What the task requires: Could you repeat all of the entries below word for word, apart from the pictures?

Dataset items:
__________

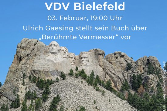 | | | |  | | | | | | | | | | Am Dienstag, den 03. Februar 2026 stellt uns Kollege Ulrich Gaesing sein Buch über „Berühmte Vermesser“ vor. Wir hören dabei sicher Interessantes und Unbekanntes - also Themen die uns fachlich besonders begeistern sollten. Die Veranstaltung beginnt um 19:00 Uhr im Büro Verwold/Masssong. Anmeldungen sind hierzu nicht erforderlich. | | | | | | | |
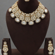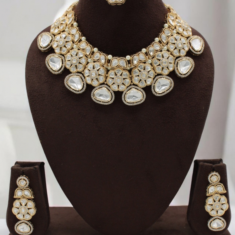 Make a majestic statement with this beautifully handcrafted Kundan bridal choker set. Designed with intricate floral motifs and framed teardrop-shaped stones, this piece reflects royal heritage craftsmanship. The choker is adorned with premium uncut ivory-toned stones, delicate pearl detailing, and a rich gold polish that enhances its luxurious appeal.
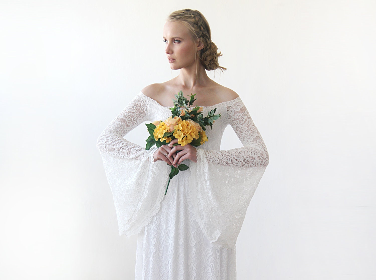 Ivory elopement dress clearance, Ivory Off Shoulder Lace Wedding Dress clearance
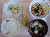 じゃが芋のひじき煮 ブロッコリーと卵のサラダ 麩のすまし汁 ごはん バナナ |
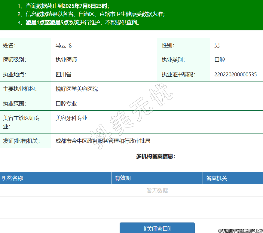 姓名:馬云飛性別:男醫(yī)師級(jí)別:執(zhí)業(yè)醫(yī)師執(zhí)業(yè)類別:口腔執(zhí)業(yè)地點(diǎn):四川省執(zhí)業(yè)證書編碼:220220200000535主要執(zhí)業(yè)機(jī)構(gòu):悅好醫(yī)學(xué)美容醫(yī)院執(zhí)業(yè)范圍:口腔專業(yè)美容主診醫(yī)師專業(yè):美容牙科專業(yè)發(fā)證(批準(zhǔn))機(jī)關(guān):成都市金牛區(qū)政務(wù)服務(wù)管理和行政審批局 -
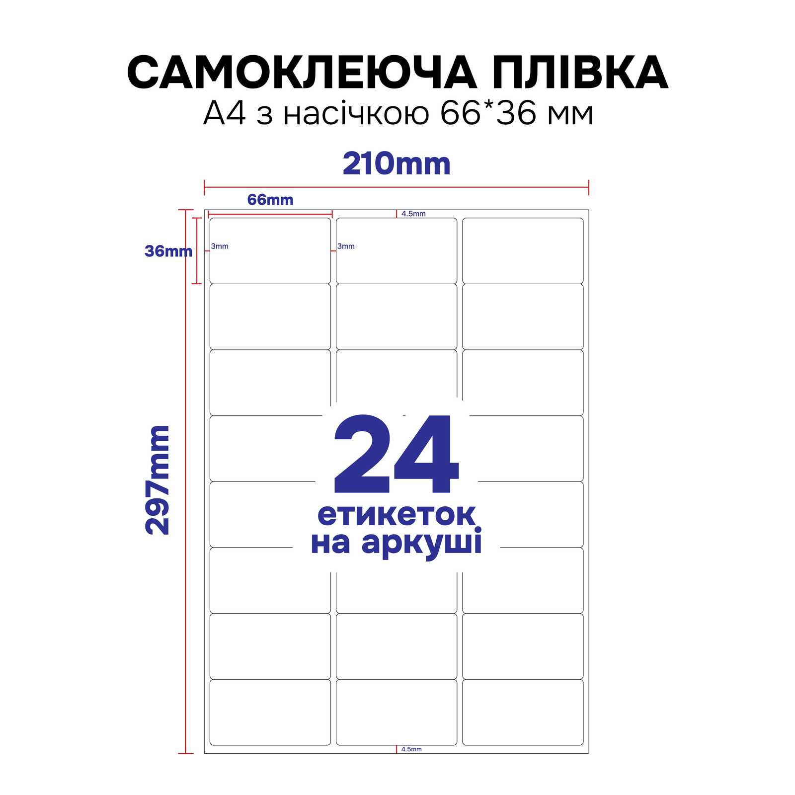 Характеристики Самоклеюча плівка для струменевого та лазерного друку My Print PP водостійка, А4 з насічкою 66*36 мм (24 шт.), 5 листів, матова біла (13040)

__________

Reply to the exercise:
 | | | |  | | | | | | | | | | Am Dienstag, den 03. Februar 2026 stellt uns Kollege Ulrich Gaesing sein Buch über „Berühmte Vermesser“ vor. Wir hören dabei sicher Interessantes und Unbekanntes - also Themen die uns fachlich besonders begeistern sollten. Die Veranstaltung beginnt um 19:00 Uhr im Büro Verwold/Masssong. Anmeldungen sind hierzu nicht erforderlich. | | | | | | | |
 Make a majestic statement with this beautifully handcrafted Kundan bridal choker set. Designed with intricate floral motifs and framed teardrop-shaped stones, this piece reflects royal heritage craftsmanship. The choker is adorned with premium uncut ivory-toned stones, delicate pearl detailing, and a rich gold polish that enhances its luxurious appeal.
 Ivory elopement dress clearance, Ivory Off Shoulder Lace Wedding Dress clearance
 じゃが芋のひじき煮 ブロッコリーと卵のサラダ 麩のすまし汁 ごはん バナナ |
 姓名:馬云飛性別:男醫(yī)師級(jí)別:執(zhí)業(yè)醫(yī)師執(zhí)業(yè)類別:口腔執(zhí)業(yè)地點(diǎn):四川省執(zhí)業(yè)證書編碼:220220200000535主要執(zhí)業(yè)機(jī)構(gòu):悅好醫(yī)學(xué)美容醫(yī)院執(zhí)業(yè)范圍:口腔專業(yè)美容主診醫(yī)師專業(yè):美容牙科專業(yè)發(fā)證(批準(zhǔn))機(jī)關(guān):成都市金牛區(qū)政務(wù)服務(wù)管理和行政審批局 -
 Характеристики Самоклеюча плівка для струменевого та лазерного друку My Print PP водостійка, А4 з насічкою 66*36 мм (24 шт.), 5 листів, матова біла (13040)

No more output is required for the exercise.